The energy-storing membrane has been invented by a team from the NUS Nanoscience and Nanotechnology Initiative from Singapore, led by Dr. Xie Xian Ning.
It uses a polystyrene-based polymer to deposit the soft and foldable membrane converted from organic waste. Two graphite plates charge the membrane at 0.2 farads per square centimeter. Compare that with the maximum of 1 farad of an ordinary capacitor and you’ve figured out we have something big here.
What’s more important than the storage capacity (or at least as important), is the price of $0.62 per farad, compared to the $7 per farad of normal liquid electrolyte capacitors in use nowadays.
Dr. Xie said: “Compared to rechargeable batteries and supercapacitors, the proprietary membrane allows for very simple device configuration and low fabrication cost. Moreover, the performance of the membrane surpasses those of rechargeable batteries, such as lithium ion and lead-acid batteries, and supercapacitors.”
“With the advent of our novel membrane, energy storage technology will be more accessible, affordable, and producible on a large scale. It is also environmentally-friendly and could change the current status of energy technology,” he added.

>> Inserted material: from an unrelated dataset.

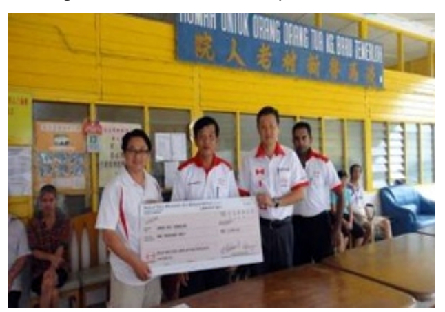
Hino Motors Sales (Malaysia) Sdn. Bhd. visited homes for senior citizens and made donations in Malaysia

Hino Motors dispatched instructors and donated engines and vehicles to primary, middle and vocational schools in Japan and around the world in fiscal 2012.

It’ll take a while until the team will finish studying all of the aspects involved in making this membrane work in all kinds of circumstances, from iPads to EVs, but I guess that we’ll have working prototypes in a few years – the market needs this kind of products like hot bread.
Let’s only think of the advantages such a membrane-based battery would give the world. First of all, it would be safer than any of the lithium ion batteries used today. Its weight would be heavily reduced, while the vehicles wearing it would be able to have it embedded in the chassis, not disturbing the car’s weight distribution. Finally, the price will tell the difference, because if such an invention will be brought to the market at ridiculous prices, gasoline won’t stand a chance.
What do you think?
[via cleantechnica]
Either the math in this article is horribly wrong, or the author has an incomplete understanding of electrical equivalencies. 1 Farad = .5 joules, 1kwh = 3.6 Megajoules. To replace a Tesla S battery (85kwh) at $.62 per farad would cost 3,600,000 * 85 * .62 =~ $180 Million. A 1 Farad capacitor costs about $2 in quantity, so this would be able to replace existing capacitors, but is nowhere near lithium batteries.